Electrochemical performance
The electrochemical performance of the SiOC/Sb nanocomposite is summarized in Fig. 5. For electrochemical testing, the SiOC and SiOC/Sb electrodes were prepared by mixing finely ground powders of SiOC and SiOC/Sb with carbon black, carboxymethyl cellulose and water. The obtained slurries were then cast onto a copper foil current collector. Resulting active material loadings were in the range of 2.3–3.1 mg cm−2. All electrochemical measurements presented herein were conducted as half-cells vs. Li+/Li using 1 M LiPF6 in ethylene carbonate/dimethyl carbonate (1:1 by weight) + 3% fluoroethylene carbonate as an electrolyte.
|
| Fig. 5 (a) CV curves of SiOC/Sb measured at a scan rate of 1 mV s−1. (b) Galvanostatic charge–discharge curves of SiOC/Sb. The first cycle is measured at a current density of 18.6 mA g−1 and the plotted curves correspond to the 1st, 2nd, 7th, 17th, 22nd, 27th cycles. (c) Discharge capacities measured with a constant voltage step contribution at different current densities ranging from 18.6 to 2232 mA g−1. (d) Cyclic performance of SiOC/Sb tested at a current density of 372 mA g−1. | |
Fig. 5a shows the cyclic voltametry (CV) curves of the SiOC/Sb electrodes at a scan rate of 1 mV s−1. Upon lithiation and delithiation (cathodic and anodic cycles) of SiOC/Sb, the broad, yet distinct peaks at ca. 0.70 and 1.25 V were attributed to the alloying and dealloying of Sb NP with Li. An additional smooth increase of current in the voltage range of 0.01–1 V vs. Li+/Li can be ascribed to the gradual lithiation/delithiation of the amorphous SiOC matrix. Fig. 5b shows the discharge and charge voltage profiles of the SiOC/Sb measured at different currents of 74.4–2232 mA g−1 and yielding capacities ranging from 703 to 549 mA h g−1 for SiOC/Sb (Fig. 5c). These measurements were performed using a constant current–constant voltage protocol with a constant voltage step at 5 mV (see the Experimental section for details). The shape of the voltage profiles in Fig. 5b has two distinct features. A smooth part can be attributed to the lithiation of the interstitial spaces and edges of graphene within Cfree in SiOC.35 The plateaus at 0.9 and 1.1 V, eventually correspond to the lithiation and delithiation of Sb, respectively. The comparison of discharge and charge capacities of 1133 mA h g−1 and 667 mA h g−1 for the first cycle point to the high irreversible capacity loss of 41%, which can be attributed the formation of the SEI layer as well as irreversible bonding of Li ions to oxygen sites in SiOC mixed bonds.

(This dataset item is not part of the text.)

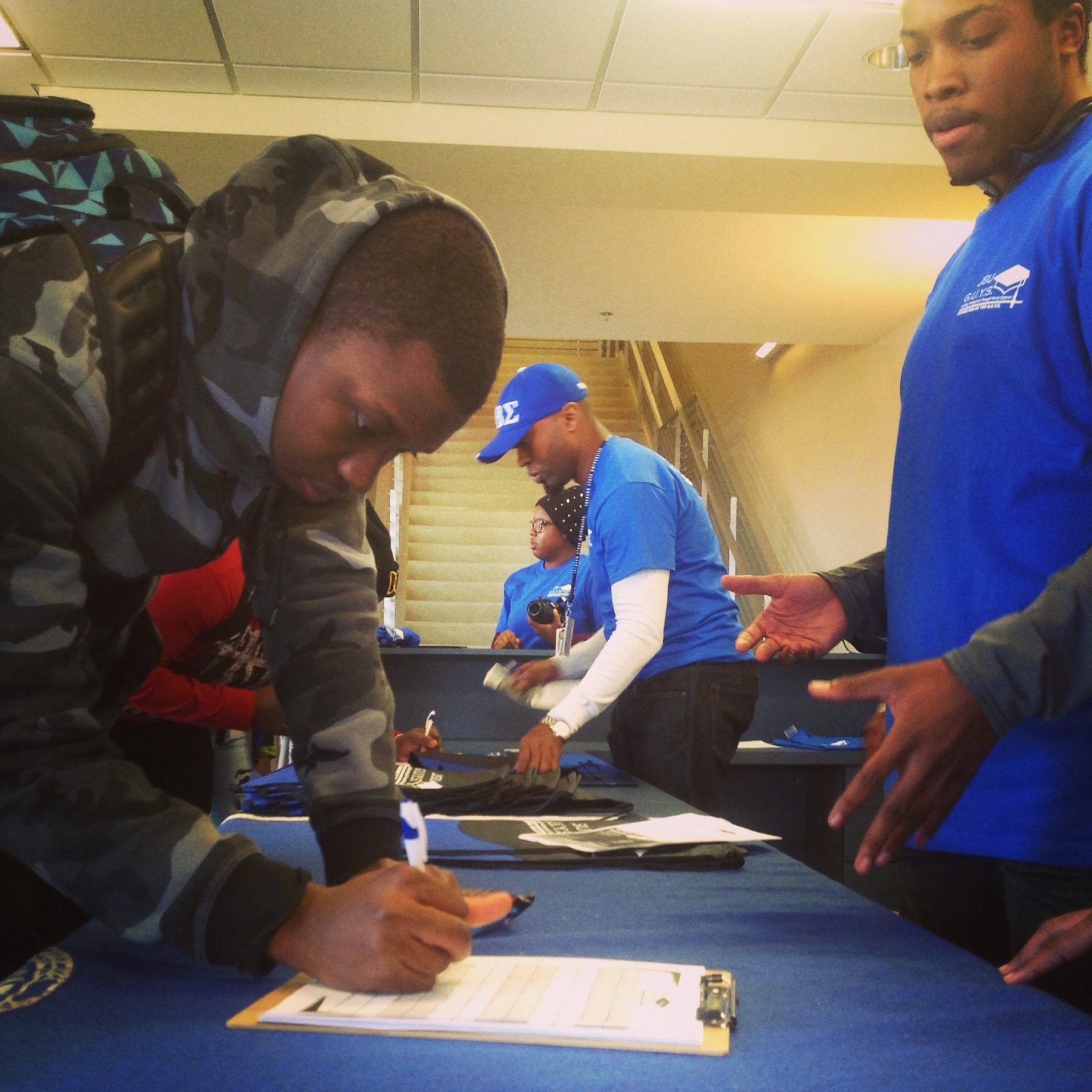 Washington and volunteers were camped out at the student center for more than two hours, giving away T-shirts and backpacks and encouraging students to sign up for the project.

We note that the overall reversible capacity of SiOC/Sb was higher than for pure SiOC (621 mA h g−1 initially and ca. 595 mA h g−1 at 372 mA g−1 for the subsequent cycles, see Fig. S6†). Additionally, SiOC/Sb was characterized by low polarization upon charge at high currents, resulting in only a slight increase of an average charge voltage of 0.82 and 0.87 V at C/20 and 6C-rates, respectively. On the contrary, a higher increase of the average delithiation voltage was observed for SiOC at higher currents (from 0.71 V and 0.83 V at C/20 and 6C-rate). The cyclic stability tests (Fig. 5d) of half-cells employing SiOC/Sb at a current density of 0.372 mA g−1 (1C for graphite) showed a high delithiation capacity retention of 76% after 200 cycles. Notably, as observed by HAADF-STEM, no evidence of significant Sb NP pulverization or aggregation was found upon lithiation and delithiation of SiOC/Sb (see Fig. S7 and S8†).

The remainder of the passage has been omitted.